Leaving out the pictures, output the lines from the one that contains "The camp consisted" through the end of the material, exactly as they stand.

## Information shown
---*---

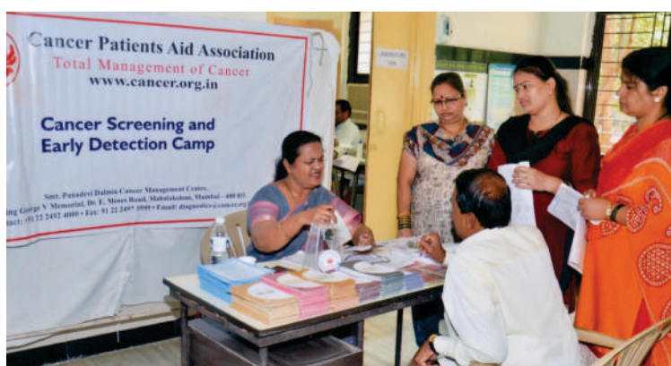
Expert doctor's team at JNPT cancer screening camp

The camp consisted of the expert team from ENTs, Gen. Surgeons, Gynecologists, Physicians and Counsellors who conducted various preliminary tests & which benefited 221 cancer patients.
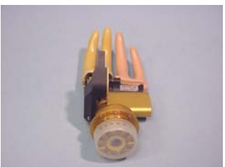
UW101-QD Bock Q uick D isconnect Friction Wrist
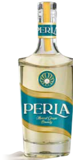
Perla - Muscat

---*---

## Result
The camp consisted of the expert team from ENTs, Gen. Surgeons, Gynecologists, Physicians and Counsellors who conducted various preliminary tests & which benefited 221 cancer patients.
UW101-QD Bock Q uick D isconnect Friction Wrist
Perla - Muscat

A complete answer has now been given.